Screenshots from Promised Land Blu-ray

Promised Land Preview  

 / 10
Preview by Brian Orndorf, December 28, 2012

“Promised Land” is a film filled with unfinished business. Reteaming director Gus Van Sant with co-writer/star Matt Damon (after their work on “Good Will Hunting” and “Gerry”), the picture is a messy affair with a killer hook, bringing a critical environmental issue to the forefront without much of a game plan to dissect it. Convincing for the first two acts, “Promised Land” has an adequate grip on character and offers a slew of terrific performances. It’s an interesting movie, but never reaches the greatness or significance it imagines for itself, cursed with a dreadful conclusion that’s strangely non-committal considering all the passions swirling around the material.

A rep with multi-billion dollar energy company, Steve (Matt Damon) finds himself nearing a crucial promotion, taking on another job with partner Sue (Frances McDormand) as his future is determined.

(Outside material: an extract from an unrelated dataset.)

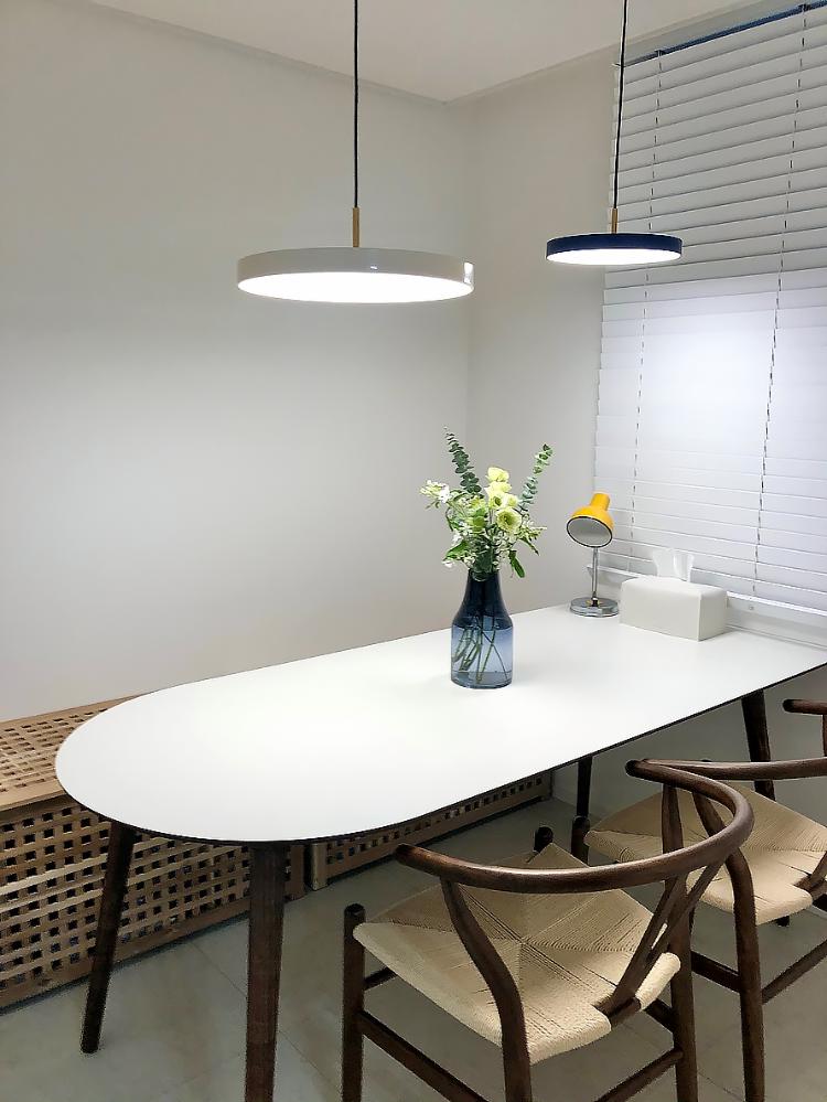 주방 맞은편 다이닝 룸이에요. 워낙 좁은 면적이기도 하고 주방에 식탁을 놓기 애매해서 다이닝룸 역시 과감하게 문을 생략하고 식탁으로만 다이닝룸을 완성시켰어요. 밥을 먹기도 하지만 노트북을 하거나 각자 취미생활을 하는 다목적 룸이기도 해요.

Their objective is to blend in with a small town in rural America, using salesmanship to encourage the locals to sign leases allowing the outside company to expose their land to “fracking,” a chemically-flooded method of drilling for natural gas deposits. Promising big money to desperate locals, Steve and Sue are confident they will be able to secure the town majority, only to find their efforts rebuffed by Frank (Hal Holbrook), an educated local who understands the poisonous dangers of fracking. Also disrupting the campaign is Dustin (John Krasinski, who also co-scripts), a volunteer with an environment protection group who rolls into town hoping to persuade the community that land and health is more important than quick cash. Facing a challenge for the first time in his career, Steve works diligently to undermine Dustin’s plan of attack, while romantic interest in schoolteacher Alice (Rosemarie DeWitt) distracts him from the cause.

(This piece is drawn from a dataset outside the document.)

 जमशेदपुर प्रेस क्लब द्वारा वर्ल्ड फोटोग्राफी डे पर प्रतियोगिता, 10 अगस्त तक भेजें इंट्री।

Fracking is a relatively new issue hitting documentary and dramatic efforts, finding “Promised Land” in a rare position of originality, inspired by writings from author Dave Eggers. What Damon and Krasinski aim for is not a complete discussion of greed, but personal responsibility, with Steve the Faustian figure out to sign up as many farmers and rural folk as he can for the lowest price possible, promising land owners a bright future of financial ease, away from their harsh daily struggles. Steve’s a salesman eager to secure his own comfort with the corporation, working with confidence and a script to collect signatures, prepared for any concerns raised by those leery of such a miraculous deal. Recalling his own past in a fading farming community, Steve isn’t out to destroy, only to acquire, and in the script’s most inspired observation, he doesn’t even really comprehend what fracking is all about. As he repeats throughout the movie, Steve isn’t a “bad guy,” just a suit (or in this case, a flannel-and-boots) trying to make his numbers, looking for job security like anyone else.

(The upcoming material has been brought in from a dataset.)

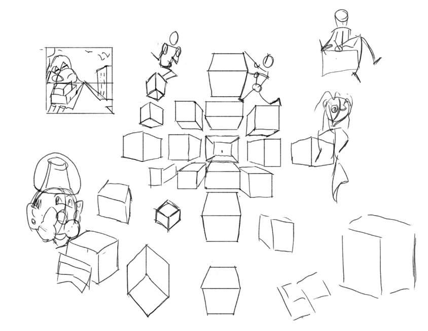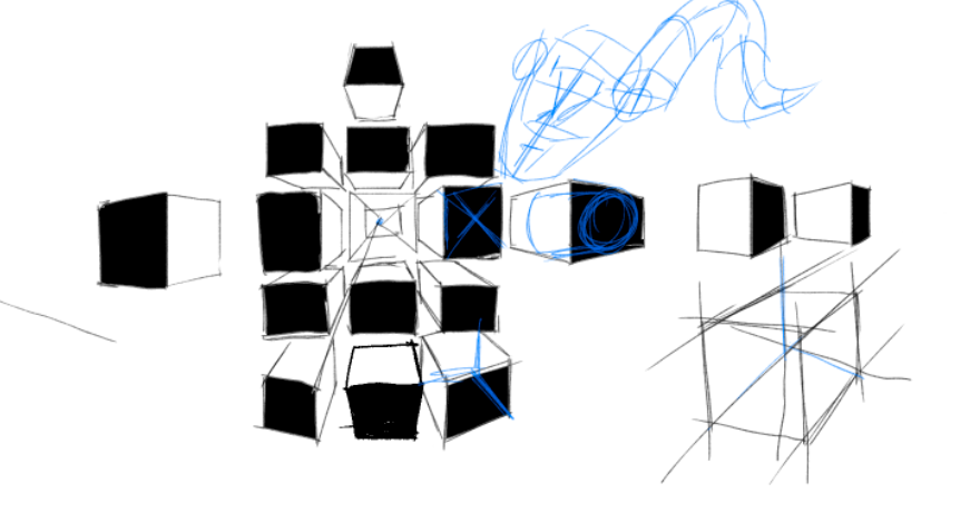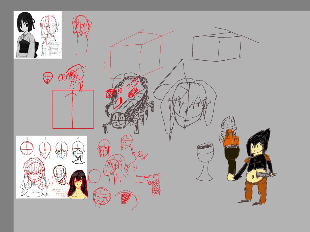 Подумал что строить головы трудно и я совсем не понимаю как вертеть кубы, а еще как их рисовать и вот это все. Попытался учится по уму нежели тупа рисовать куб за кубом хуй пойми зачем.

Complications arrive in the form of Dustin and the persuasive manner in which he smashes Steve’s illusion of trust, even working to acquire Alice’s attention. He’s a persistent thorn in the company man’s side, instigating an interesting war of information that makes up the majority of “Promised Land,” watching the two swing at each other as Steve panics, with his plan of domination ruined by an unusually effective spoiler, one who uses bribe money to buy signs and flyers, while demonstrating exactly what fracking is to schoolchildren (and the audience). The script achieves a sharp sense of tension as the sides escalate their warfare, while examining the divide in the town, with some refusing Steve’s offer outright, offended by such a proposition of destruction, while others, including rube Paul (Lucas Black), treat the opportunity like a gold strike, unaware of the lowball offer gifted to them. The conflicts are handled with directness by Van Sant, who embraces the discomfort facing Steve, generating a decent amount of uneasiness that propels “Promised Land” into meaningful areas of conversation.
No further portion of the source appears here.